A etapa final de análise de efetividade ocorreu em dezembro de 2024, com a reaplicação do mesmo questionário de maturidade ao público do programa, que na ocasião contava com 230 pessoas. Nesta segunda rodada, obtiveram-se 99 respostas, elevando a taxa de participação para 43%. A consistência metodológica entre as duas medições permitiu uma comparação direta dos resultados, identificando o impacto das ações implementadas na percepção dos colaboradores. A análise focou não apenas na média geral de maturidade, mas também na evolução específica das áreas que foram alvo das intervenções diretas do PMO. O detalhamento de cada etapa operacional assegurou que o estudo refletisse fielmente a dinâmica de gestão da multinacional química, proporcionando uma base sólida para a discussão dos resultados encontrados.

Os resultados do diagnóstico inicial revelaram uma percepção de maturidade geral de 67%, valor que situa a gestão do programa no limiar entre os níveis intermediário e avançado (Pinto, 2012). No entanto, a análise segmentada por áreas de conhecimento e grupos de processos expôs disparidades significativas. A área de Integração apresentou um desempenho satisfatório nas fases de Execução (78%) e Monitoramento e Controle (83%), mas demonstrou fragilidade crítica na fase de Iniciação, com apenas 44% de percepção positiva. O gerenciamento de custos também foi identificado como um ponto deficitário, com índices de 39% no Planejamento e 46% no Monitoramento e Controle. Outra área com baixa performance percebida foi a de Aquisições, registrando 42% no Planejamento e 41% na Execução. Em contrapartida, a gestão de Stakeholders na Iniciação (78%) e a gestão de Riscos no Monitoramento e Controle (80%) figuraram como pontos fortes.

A segmentação dos respondentes por perfis profissionais trouxe camadas adicionais de compreensão. Os grupos com papéis mais estratégicos, como o PMO e os Sponsors, apresentaram as visões mais críticas, com médias gerais de 54% e 52%, respectivamente. Para esses grupos, a Iniciação e o Planejamento foram as fases mais problemáticas. Por outro lado, as equipes operacionais, como o Time de Desenvolvimento e os Coordenadores, avaliaram a maturidade de forma mais positiva, com médias de 69% e 73%. Essas divergências sugerem que, embora os processos estivessem funcionando no nível tático, a liderança percebia lacunas na estruturação estratégica e no fluxo de informações necessário para a tomada de decisão de alto nível. A comparação com as empresas de referência confirmou que a organização foco tinha um desempenho inferior em Iniciação e Planejamento, reforçando a necessidade das intervenções propostas.

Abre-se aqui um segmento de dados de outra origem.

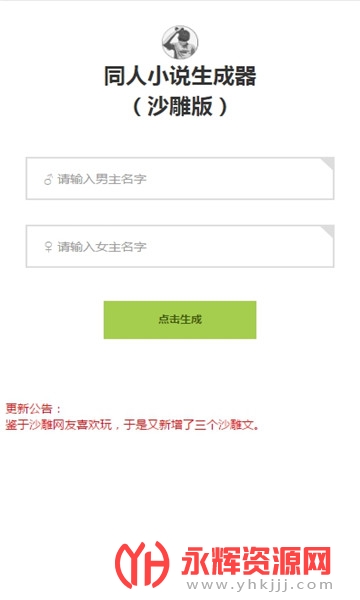 同人文生成app最新版本是一款非常火爆的同文人小说生成工具,使用这款软件你只需要输入男主和女主的名字即可为您一键进行生成,想体验的朋友们别错过了,快来永辉资源网下载吧!
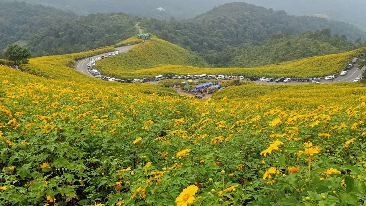 สีเหลืองสดใสบานสะพรั่งเต็มท้องทุ่งและไหล่เขา ถนนเส้นนี้

A implementação da primeira ação de melhoria, focada no processo de iniciação, visou elevar o índice de Integração de 44% para uma meta de 60%. A criação da wiki no Azure DevOps e a definição da matriz RACI foram fundamentais para clarificar papéis e responsabilidades. A matriz RACI permitiu que cada integrante do programa compreendesse quem era o responsável pela execução, quem deveria aprovar, quem precisava ser consultado e quem deveria ser informado sobre cada tarefa crítica (Friedman, 2008). O mapeamento do ciclo de vida dos aplicativos, desde a ingestão de dados até a validação da arquitetura, reduziu a incerteza inicial e padronizou o onboarding de novos membros. Como resultado, na segunda avaliação, a percepção de maturidade na Integração durante a Iniciação saltou para 65%, superando a meta estabelecida e demonstrando que a centralização da informação e a clareza de papéis mitigam as dificuldades das fases iniciais.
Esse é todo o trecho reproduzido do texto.